As you can see, loans of £5,000 (or less) have increased in cost by more than loans for larger amounts.

However, it is worth remembering Moneyfacts’ data is based on averages – so not all personal loan rates have soared by such significant margins.

While some lenders have seriously ramped up their rates, others have managed to maintain competitive deals.

This means that, if you’re looking for a loan, it’s now more important than ever to shop around for the best offer you can find.

Decent deals
Luckily, there are still some reasonably-priced loans available.

Here are my top picks, first for a loan of £5,000 over three years and then for a loan of £10,000 over five years.

Personal loan APR (Typical) T.A.R. (Total Amount Repayable)
Tesco Loan 8.0% £5,617
Sainsbury’s Loan 8.1% £5,628
Alliance & Leicester 8.8% £5,679

(Based on a loan of £5,000 over three years with no repayment holiday or payment protection insurance premiums included.)

Personal loan APR (Typical) T.A.R. (Total Amount Repayable)
Tesco Loan 7.9% £12,065
Alliance & Leicester 8% £12,086
Sainsbury’s Loan 8.1% £12,125

(Based on a loan of £10,000 over five years with no repayment holiday or payment protection insurance premiums included).

It is worth noting that the rates on offer for loans of £5,000 are slightly less attractive than those you might get for borrowing more. Right now, it seems lenders reserve their very cheapest deals for customers who borrow at least £7,500.

As you can see, there is little to choose between the deals on offer for £10,000 loans from Tesco, Alliance and Leicester and Sainsbury’s – and all three rates are lower than the 9.2% average quoted by Moneyfacts.

Having said that, both Tesco and Sainsbury’s are offering rates well below the Moneyfacts average of 12.4% on loans of £5,000. This is good news for borrowers who don’t need to access bigger sums.

Things to consider
Don’t forget that, when it comes to applying for any form of credit, your credit history will play a large part in whether or not you are successful.

It is always worth checking what’s in your credit report before you try to take out a new loan or credit card.
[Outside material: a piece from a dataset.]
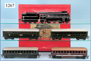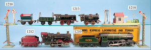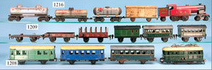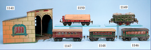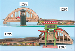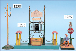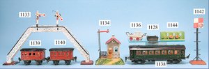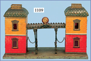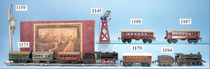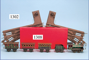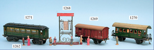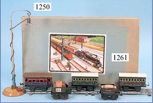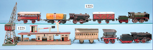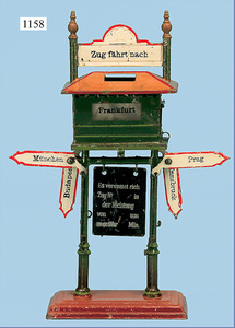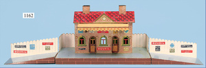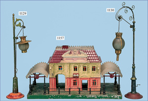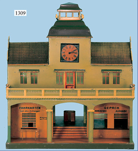 MÄRKLIN, Zentralbahnhof, 2014, 1902 - 1914, 42 x 30 cm, Steinprägung, Gebäude mit seitlichem Durchgang, Dach mit Ziergittern, 1 Giebel mit imitierter Uhr, Giebeldachfenster, 8 Isolatoren fehlen, Glasfenster, Kerzenbeleuchtung, Inneneinrichtung, Läutewerk, Bahnsteiggeländer, seitlich Wellblech Bogendach mit 2 Stühlen, Bodenplatte war ursprünglich übermalt, Orig.-Farbe wurde später freigelegt, guter Zust.

If your record isn’t spotless, you’re unlikely to be accepted for the market’s top products.

Remember, too, that a rejected application for any form of credit will show up as a ‘footprint’ on your credit file. If a lender sees too many of these close together, it won’t be inclined to give you credit – so it is worth targeting your application and trying for a rate you feel you’re likely to get.
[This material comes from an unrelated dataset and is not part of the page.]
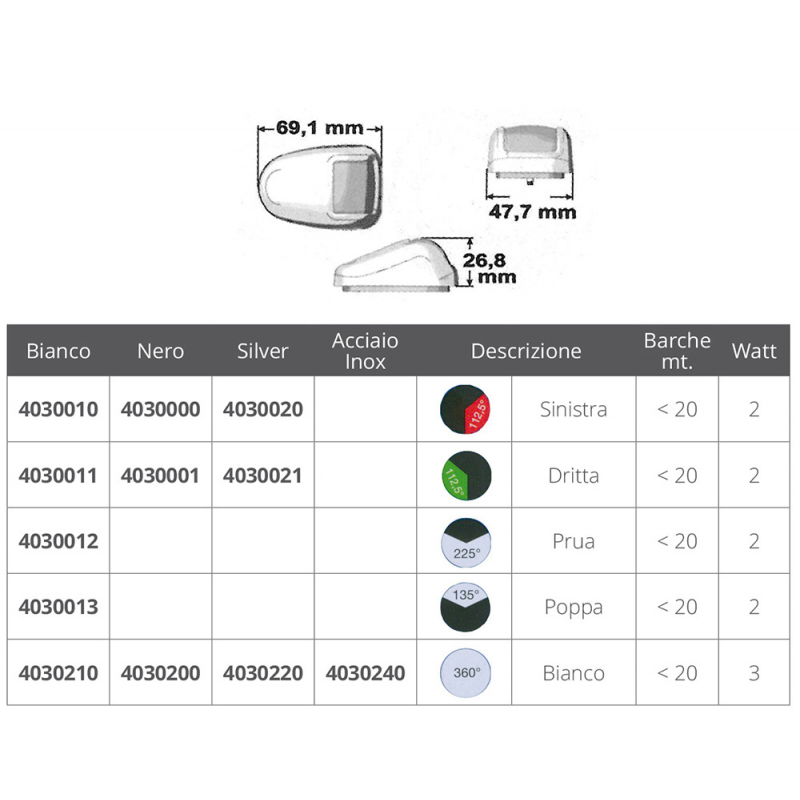 LED-navigatieverlichting met extreem helder licht, levendige kleuren, lenzen met hoge resolutie, een innovatief, gepatenteerd ontwerp en geavanceerde elektronica. Voeding: 12-24 V, gemiddelde levensduur circa 10.000 uur, voldoet aan IMO COLREG 1972 nr. ELE453105CS, beschermingsgraad IP56.

However, lenders are only obliged to offer their ‘typical’ rates on any product to two thirds of applicants. Therefore, there is always a chance you might be offered a different (probably worse) rate than the one advertised on any loan or credit card.

Debt busters
If you’re thinking of taking out a loan to pay off existing debts, this article might help you decide whether it’s the right option for you.
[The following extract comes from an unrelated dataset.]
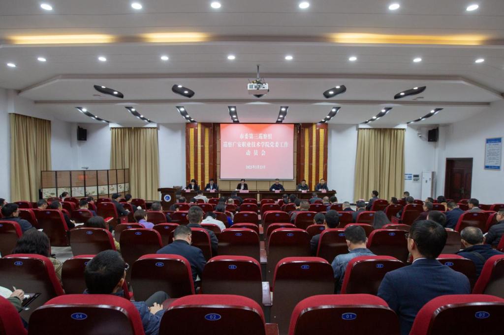 根据广安市委关于巡察工作的统一部署,2023年3月23日,六届广安市委第三轮第三巡察组巡察学校党委工作动员会召开。会前,市委第三巡察组组长祝松林主持召开与学校党委书记王冬霞的见面沟通会。动员会上,祝松林通报了巡察任务和工作安排,并就巡察工作提了要求,市委巡察办副主任夏建军代表市委巡察工作领导小组对做好此次巡察工作提出了明确要求,王冬霞主持会议并作表态发言。市委第三巡察组副组长钟勇出席会议。参加动员会的还有市委巡察办巡察专员、第三巡察组联络员胡倩,学校党委班子成员、中层正副职干部。

While a 0% balance transfer credit card or a long term, low rate deal could be a cheaper way to pay off old borrowing, competitive personal loan rates are still much cheaper than the typical APRs charged on credit cards and store cards – and loans offer a structured repayment schedule you might find appealing.

Finally, I’d attach the following health warning to any form of credit at the moment: don’t go into debt if it is avoidable, and don’t borrow more than you can reasonably afford to repay. With the recession in full swing, we should all be making sure our finances are as ship-shape as possible – so make sure any loan or credit card you take out helps, rather than hinders, this.